Fractional Kinetic Strategy toward the Adsorption of Organic Dyes: Finding a Way Out of the Dilemma Relating to Pseudo-First- and Pseudo-Second-Order Rate Laws.

作者信息

Tawfik Ashraf M, Eltabey Rania M

机构信息

Theoretical Physics Research Group, Physics Department, Faculty of Science, Mansoura University, 35516 Mansoura, Egypt.

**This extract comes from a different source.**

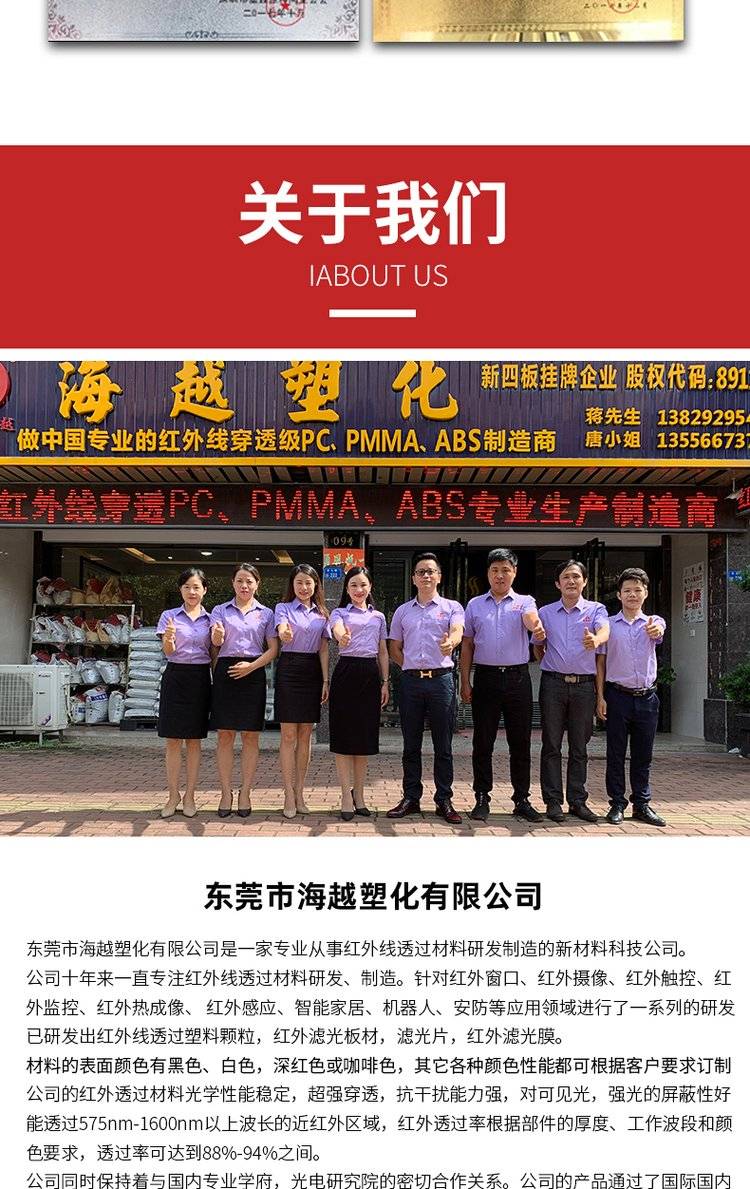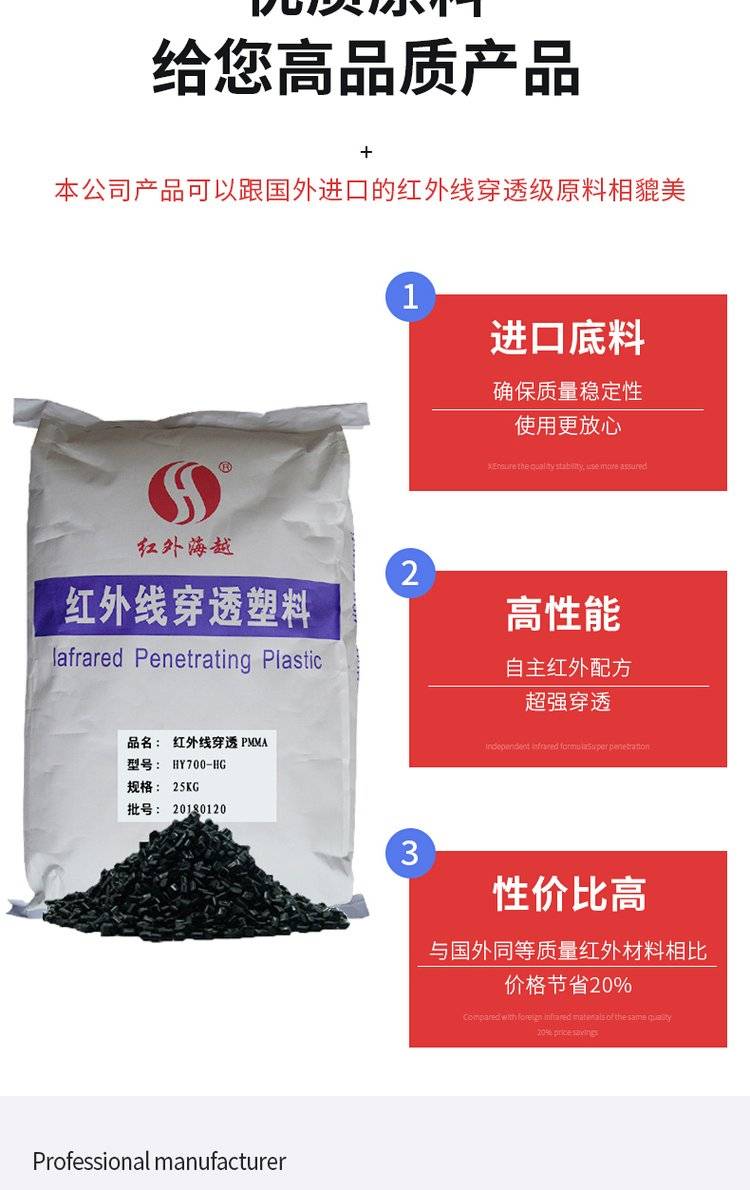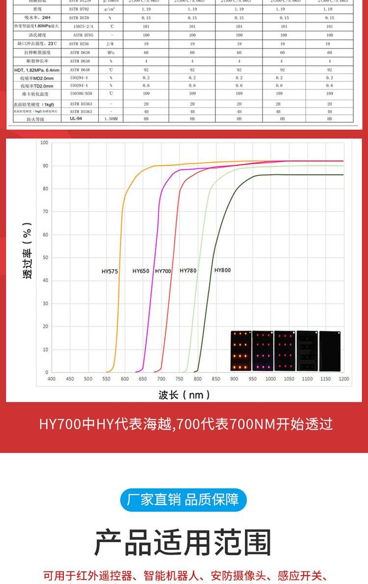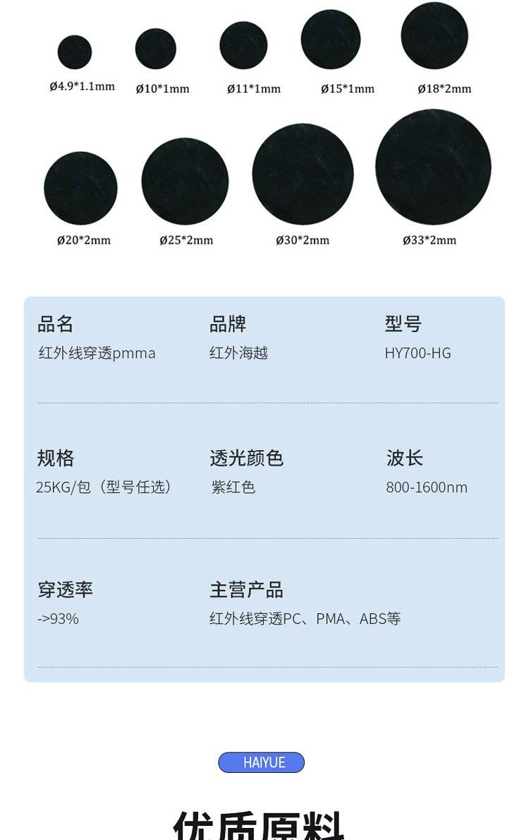 Infrared penetrating black red light plastic hy 700-hk innovative ir 700nm material

Department of Chemistry, Faculty of Science, Mansoura University, 35516 Mansoura, Egypt.

出版信息

J Phys Chem A. 2024 Feb 15;128(6):1063-1073. doi: 10.1021/acs.jpca.3c07615. Epub 2024 Jan 31.

Abstract

Recently, there has been debate about using a pseudo-second-order model in adsorption kinetics and its ability to fit experimental data, especially at the initial stages. This paper introduces a generalized fractional kinetic model obtained via a fractional reaction-diffusion equation with a time-dependent reaction rate. This model is presented as a dependable approach to understanding chemical adsorption kinetics. It offers insights into the adsorbate history and extends classical kinetic models, such as pseudo-first-order and pseudo-second-order models. The generalized fractional kinetic model accounts for memory effects with long-range interactions, heterogeneity, and nonequilibrium dynamics, leading to more accurate predictions of adsorption rates, capacities, and equilibrium values. As an applied context, we use the fractional kinetic model to analyze experimental data on the adsorption of anionic acid yellow-17 and cationic brilliant green dyes in single and binary systems. The fractional kinetic model is employed to fit the data by incorporating waiting times into the adsorption process and correlating macroscopic properties, such as the pH, with adsorption dynamics.

摘要

最近,关于在吸附动力学中使用伪二级模型及其拟合实验数据的能力,尤其是在初始阶段,一直存在争论。本文介绍了一种通过具有时间依赖性反应速率的分数反应扩散方程获得的广义分数动力学模型。该模型被提出作为理解化学吸附动力学的可靠方法。它提供了对吸附质历史的见解,并扩展了经典动力学模型,如伪一级和伪二级模型。广义分数动力学模型考虑了具有长程相互作用、非均质性和非平衡动力学的记忆效应,从而能够更准确地预测吸附速率、容量和平衡值。作为一个应用实例,我们使用分数动力学模型来分析单体系和双体系中阴离子酸性黄-17和阳离子亮绿染料吸附的实验数据。分数动力学模型通过将等待时间纳入吸附过程并将宏观性质(如pH值)与吸附动力学相关联来拟合数据。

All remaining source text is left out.